Rowe must mean by "repolarize" that there's an additional polarity here, not that an existing polarity has been rehashed. First, we have the dichotomy between "difficult" and "digestible"literature. That's the dichotomy that concerns Franzen. Then, we have the dichotomy between "realist" and "experimental" literature. It has been pointed out, fairly so, that this isn't really much of a dichotomy at all. An experimental form of literature can still depict reality, albeit in novel ways. The electronic book review describes the argument in familiar terms, as being between "mainstream" and "alternative".

More importantly, The Electronic Book Review enters the debate with a focus on the experimental literature itself, with an eye toward the merits thereof (finally). Where Ben Marcus’ argument is mostly a personal attack, it’s refreshing to see a more objective approach to the argument. There is even some discussion of compromise in “Notes from the Middleground”.

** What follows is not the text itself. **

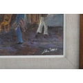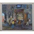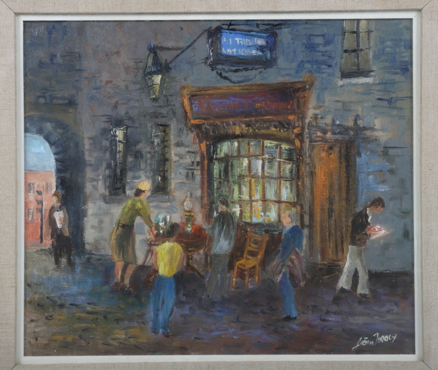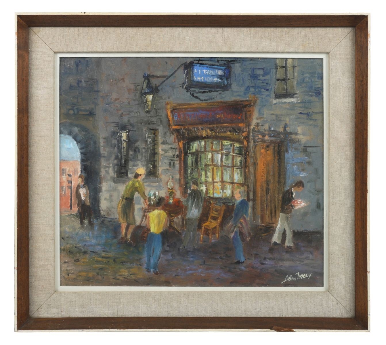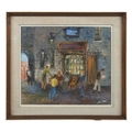 Oil on board depicting figures gathered outside a warmly lit shopfront at night, titled The Antique Shop. Signed lower right. Image: 34 x 39 cm. Framed: 47 x 52 cm. PICTURES AND PRINTS Thursday 11th December 2025 21:14:08

The pedagogical task, then, is not so much to convert one side to other, which would prove equally frustrating and useless, but […] to transcend the limiting strictures of the debate. There is always a cell of students who become more interested in the functioning of language over character, of structure over story, during the progress of these sessions; yet, as Franzen observes, Gertrude Stein is simply not accessible for many readers - no matter how engaged with her composition-as-process they might become. […] How to argue away the distinction between a faux-elite/populist constriction - as an aesthetic issue - when the reader who desperately wants to be sympathetic knows, with post-ironic savvy, that these distinctions are primarily economic
At the end of the day, perhaps the debate does come down to economics: some people try to sell books that everybody likes, while other try to get everybody to like the books that they sell. On the other hand, there really is an aesthetic difference between these two types of literature, just as there is between abstract expressionism and neoclassicism.

It is unfortunate that there doesn’t seem to be an appropriate vocabulary for discussing or comparing the differences in the literature, the way there is for discussing the art. In the visual arts, the various styles seem to enjoy a more peaceful cohabitation. With the literary arts, there’s a lot of bickering.